# GW Basic, Which Dos Pack had GWBasic on it, anyone remember?



## Direct Current (Apr 8, 2005)

*Anyone remember which dos pack had GW Basic on it? seems to me it was Dos 5 or DOs 6.0 but can't remember? Can anyone tell me?:wave::normal::laugh:*


----------



## Bookworm99 (Jun 5, 2007)

I'm not sure, but you can use BASIC or a varient thereof by downloading it from Microsoft - and I'm not sure why you'd want to use an old version of an old language anyhow


----------



## Direct Current (Apr 8, 2005)

*Hay Bookworm99 have not talk to you in a very long time but believe it or not there is a reason for me and the basic.
I once had a fair to middling computer and was about to get involved in many of the computer thing I had wanted to do all me work life, but has luck would have it, My two parrents that I am taking care of with alziemhers, they have a bad habit of getting into my stuff and screwing it up, and the did when they kick to H out of it and it cashed big time....Now being on total disablility income don't exactly bring home any extra change or chances for a computer with adiquite working probibilities to develop websites / visual basic / html / graphic /audio studio stuff which I use in my teaching and recording my evangelic messages work for the good Lord. So now I am back to using a old 12 lbs 1237 compaq with very very limited ability to do anything using Win98. So to help me keep my sanity here ( according to doctors) I am using any means possible to keep drive on.
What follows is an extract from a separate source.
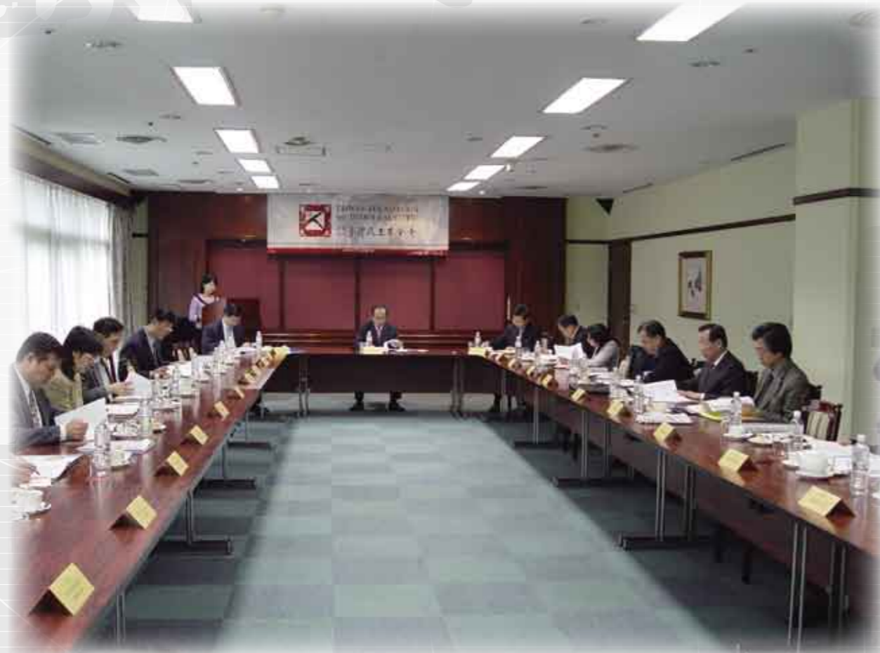
April 2007: Third joint session of the second-term Boards of Trustees and Supervisors

The remaining portion of the operating budget is allocated for grants to domestic and international organizations to support their democracy and human rights activities, as well as the TFD's own programs of bilateral and multilateral cooperation, research, conferences and public forums, and publications.

I still have plenty of books around here on GWB so to keep me going and write and doing with a computer with only 3 gig HD and maybe getting my DVD ext Drive working so I can still do some of my preaching work. 
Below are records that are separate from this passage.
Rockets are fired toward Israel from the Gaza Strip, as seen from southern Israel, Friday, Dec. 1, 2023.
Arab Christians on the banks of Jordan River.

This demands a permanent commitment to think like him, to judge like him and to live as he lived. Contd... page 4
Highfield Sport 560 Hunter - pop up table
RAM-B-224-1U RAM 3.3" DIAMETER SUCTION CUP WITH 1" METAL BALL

Well guy that about it except I dream of getting luck enough to wing some dollars to get me anout computer so to use me talants to pay off the new deits of this porstectic leg and and the old meds. and to keep my sanity from going down hill :laugh::laugh::laugh::laugh::sigh::smile: But I have one thing I can hang on to is my falth in the Lord. 

Many thanks for the reply and God Bless *


----------



## Bookworm99 (Jun 5, 2007)

If you like, I'd be happy to direct you to a lovely Nigerian widow who can help you with your problem... and by the way, I'm Jewish. 

That said, I have NO IDEA what GWDBasic is or how to get it. Get QuickBASIC from http://www.microsoft.com


----------